Rule 5.5 generally prohibits attorneys from practicing law in a jurisdiction in a way that would violate the regulation of the legal profession in that jurisdiction. Out-of-state attorneys cannot establish an office or other presence in Kentucky for the practice of law and cannot represent or hold himself or herself out to the public as being admitted to practice in Kentucky.
Out-of-state attorneys are subject to the Kentucky Rules of Professional Conduct and must comply with the Kentucky Pro Hac Vice Rules. If the legal practice does not require pro hac vice admission, attorneys must actively participate in, and assume responsibility for, the representation of the client.
For practice under 5.5(c) (Temporary Practice) or 5.5(d) (House Counsel and Practice Authorized by Law), the following comments apply:
Comment 6 states that there is no single test to determine whether an attorney’s services are provided on a “temporary basis” in Kentucky. Services may be “temporary” even though the attorney provides services in Kentucky on a recurring basis or for an extended period of time. An example includes when the attorney is representing a client in a single lengthy negotiation or litigation.
The temporary practices include:
House attorneys may practice under the Kentucky House Counsel Rules, which are referenced in Kentucky’s MJP rule, and exempt house attorneys from the unauthorized practice of law and the prohibition against establishing an office or presence in Kentucky. (Comment 5).
Comment 15 states that the rule does not authorize the provision of personal legal services to the employer’s officers or employees. The rule applies to in-house corporate attorneys and others who are employed to render legal services to the employer.
Attorneys may also render services in Kentucky authorized by Kentucky or federal law. (5.5(d)(2)). Practice under this MJP rule exempts attorneys from the prohibition against establishing an office or presence in Kentucky.
Disciplinary Authority. A lawyer admitted to practice in Kentucky is subject to the disciplinary authority of Kentucky, regardless of where the lawyer’s conduct occurs. A lawyer not admitted in Kentucky is also subject to the disciplinary authority of Kentucky if the lawyer provides or offers to provide any legal services in Kentucky. A lawyer may be subject to the disciplinary authority of both Kentucky and another jurisdiction for the same conduct. (8.5(a)).

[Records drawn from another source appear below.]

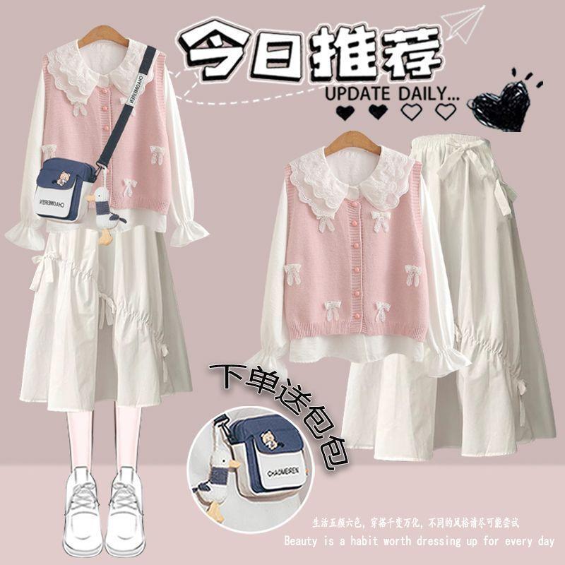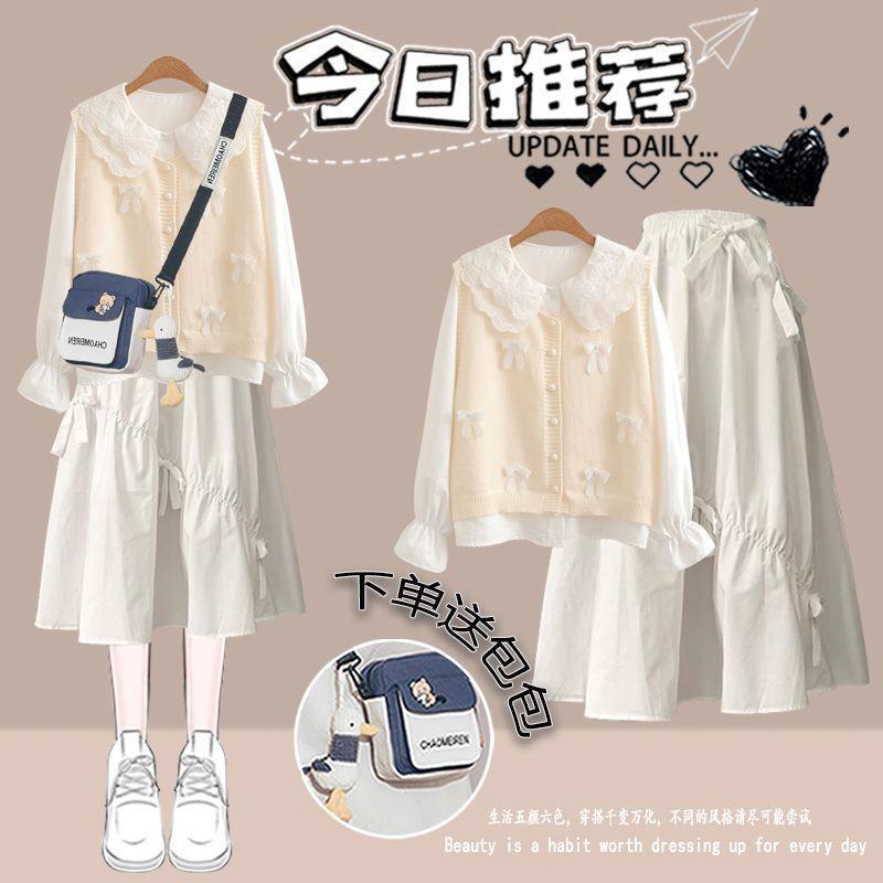 秋季学院风女学生蕾丝娃娃领长袖衬衫加针织马甲+高腰半身裙套装
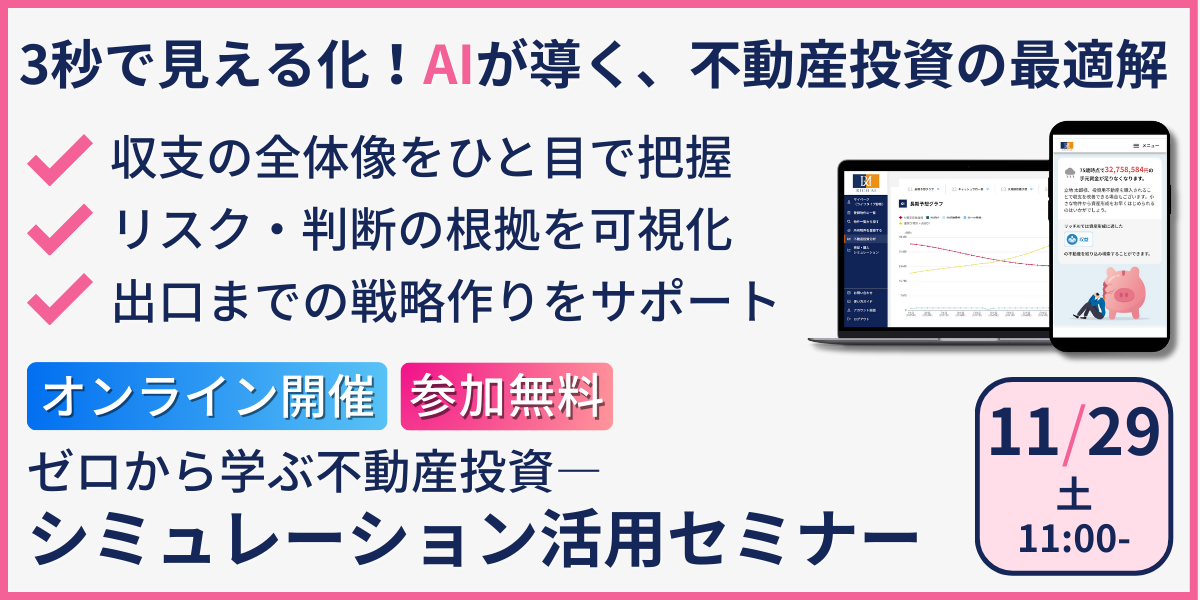## ▼セミナー概要 弊社の収益物件シミュレーションサービス『リッチAI』は、2025年5月に会員登録者が2,500名を突破いたしました。 今回のセミナーでは、リッチAIの開発に携わってきた担当が、不動産投資で欠かせない投資指標や一棟投資の相場空室率・賃料下落率について解説いたします。 また、AI査定機能を搭載しているリッチAI。 「実際の精度は?」など、皆さまの素朴な質問にもお答えさせていただきます。 ## セミナー内容 ### ■不動産投資の目的 ### ■シミュレーションで投資の不確実性を抑える ### ■不動産投資の利益とは ### ■不動産投資シミュレーション ...
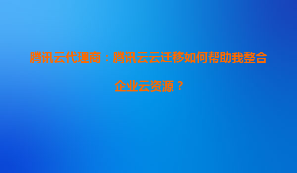 腾讯云代理商:腾讯云云迁移如何帮助我整合企业云资源?
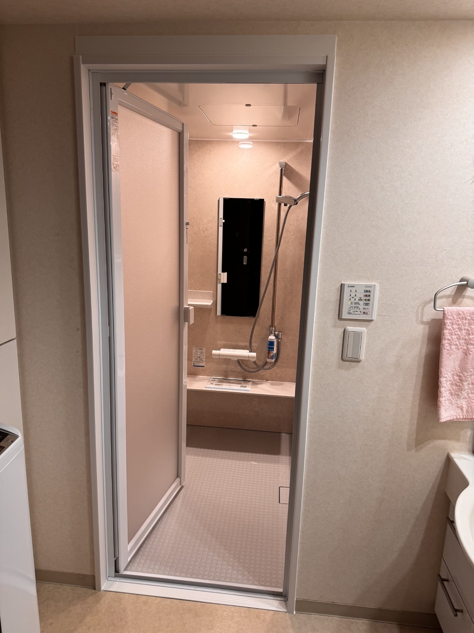3室換気乾燥暖房機(温水式)は浴室メーカーのオプションに存在しないため、換気扇メーカー(今回は三菱)に別注し現場対応しました。 浴室設置工事の際に実際の商品で手すりの高さを確認し使いやすい高さに設置させて頂きました。
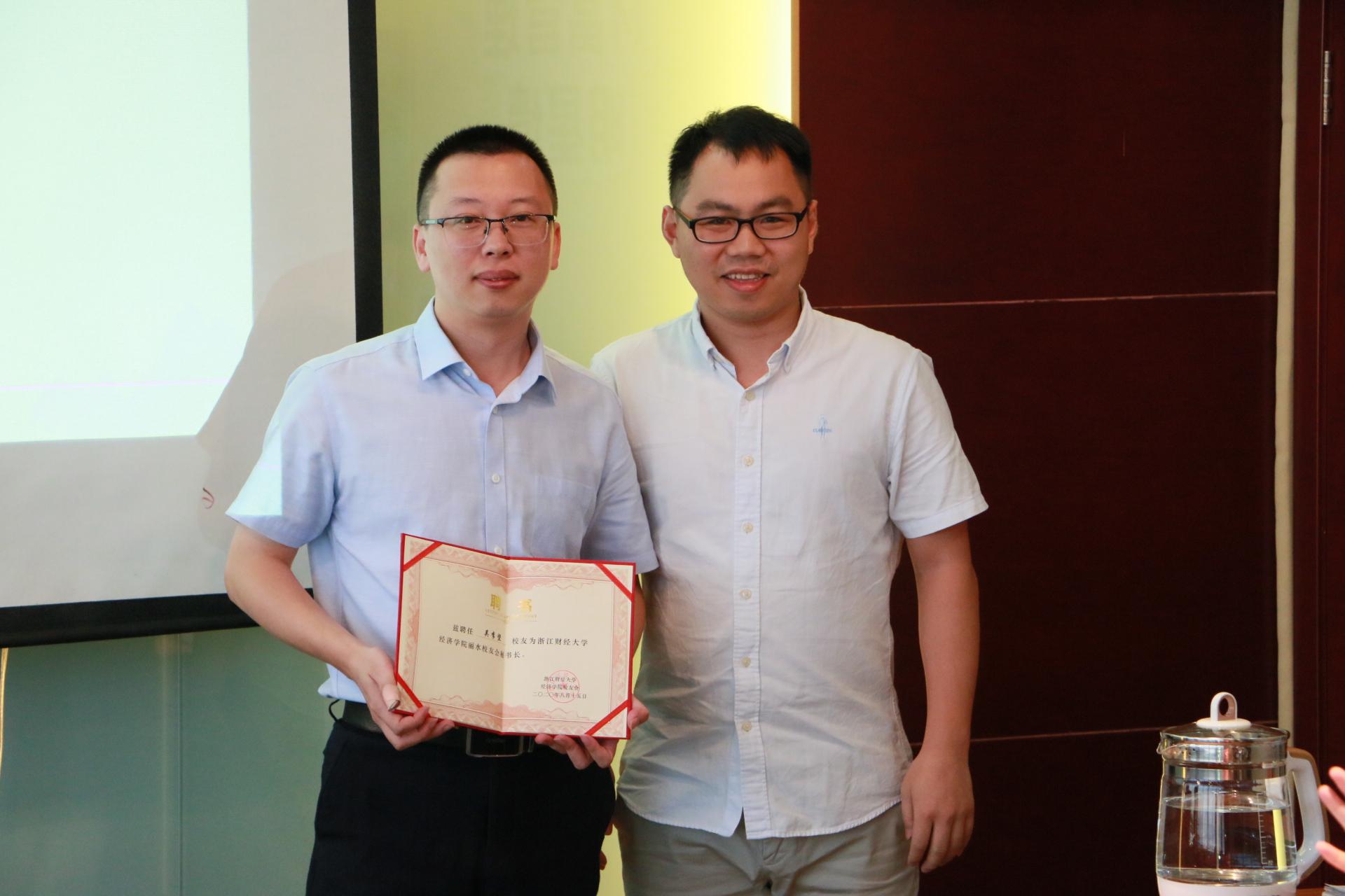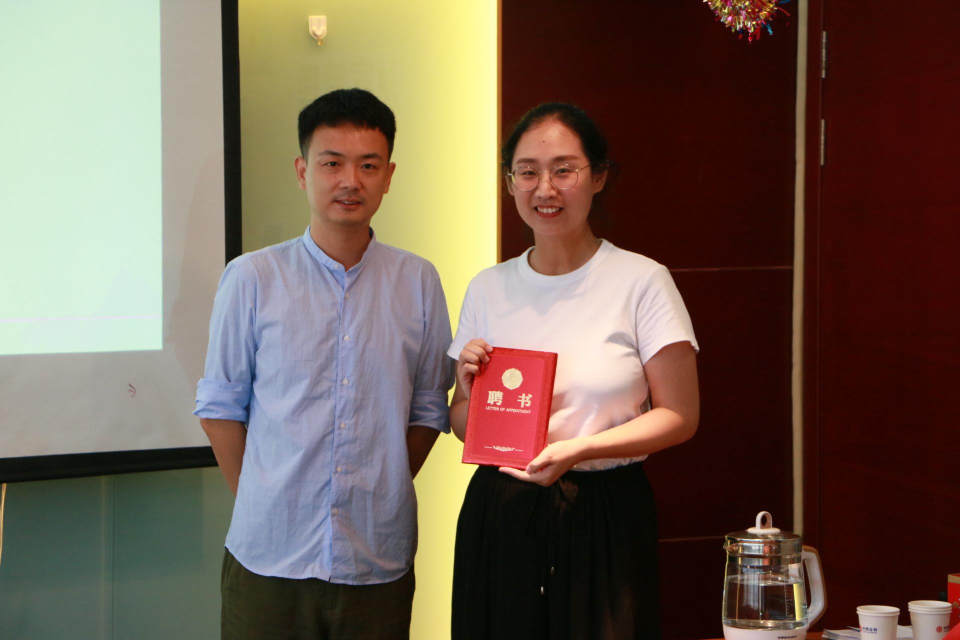 公司副经理罗俊为丽水员工分会秘书长颁发聘书

Choice of Law. The Kentucky Rules of Professional Conduct are applied as follows:
For conduct in connection with a matter pending before a tribunal, the applicable rules are those of the jurisdiction where the tribunal sits, unless the rules of the tribunal provide otherwise. (8.5(b)(1)).
For any other conduct, the applicable rules are those of the jurisdiction where the lawyer’s conduct occurred, or, if the predominant effect of the conduct is in a different jurisdiction, the rules of that jurisdiction will be applied to the conduct. A lawyer is not subject to discipline if the lawyer’s conduct conforms to the rules of a jurisdiction where the lawyer reasonably believes the predominant effect of the lawyer’s conduct will occur. (8.5(b)(2)).